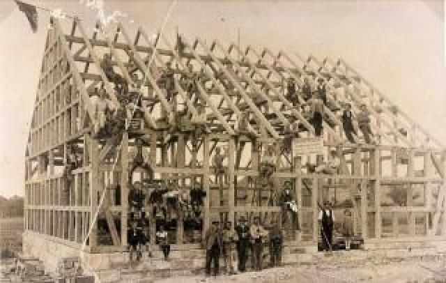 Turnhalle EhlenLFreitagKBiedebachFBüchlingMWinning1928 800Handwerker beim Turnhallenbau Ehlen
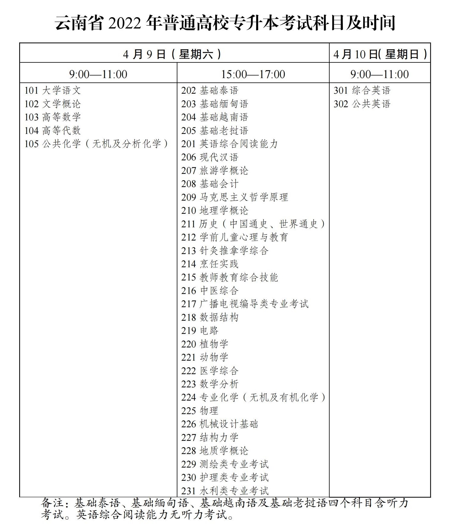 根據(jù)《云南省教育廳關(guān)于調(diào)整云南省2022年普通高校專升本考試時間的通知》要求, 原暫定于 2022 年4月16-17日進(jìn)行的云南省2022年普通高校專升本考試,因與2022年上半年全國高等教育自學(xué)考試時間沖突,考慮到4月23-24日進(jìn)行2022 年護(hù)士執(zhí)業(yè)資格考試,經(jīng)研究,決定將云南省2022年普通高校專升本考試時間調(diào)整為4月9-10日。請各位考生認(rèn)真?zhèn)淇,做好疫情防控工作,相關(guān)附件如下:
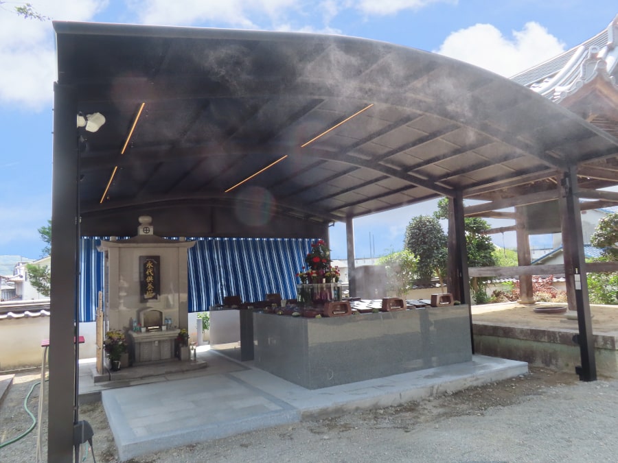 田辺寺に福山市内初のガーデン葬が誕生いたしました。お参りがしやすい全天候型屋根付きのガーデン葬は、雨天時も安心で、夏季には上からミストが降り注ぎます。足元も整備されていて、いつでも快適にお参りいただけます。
==============================
The material above is to be set down exactly, with pictures removed.

*Task response:*
 Turnhalle EhlenLFreitagKBiedebachFBüchlingMWinning1928 800Handwerker beim Turnhallenbau Ehlen
 根據(jù)《云南省教育廳關(guān)于調(diào)整云南省2022年普通高校專升本考試時間的通知》要求, 原暫定于 2022 年4月16-17日進(jìn)行的云南省2022年普通高校專升本考試,因與2022年上半年全國高等教育自學(xué)考試時間沖突,考慮到4月23-24日進(jìn)行2022 年護(hù)士執(zhí)業(yè)資格考試,經(jīng)研究,決定將云南省2022年普通高校專升本考試時間調(diào)整為4月9-10日。請各位考生認(rèn)真?zhèn)淇,做好疫情防控工作,相關(guān)附件如下:
 田辺寺に福山市内初のガーデン葬が誕生いたしました。お参りがしやすい全天候型屋根付きのガーデン葬は、雨天時も安心で、夏季には上からミストが降り注ぎます。足元も整備されていて、いつでも快適にお参りいただけます。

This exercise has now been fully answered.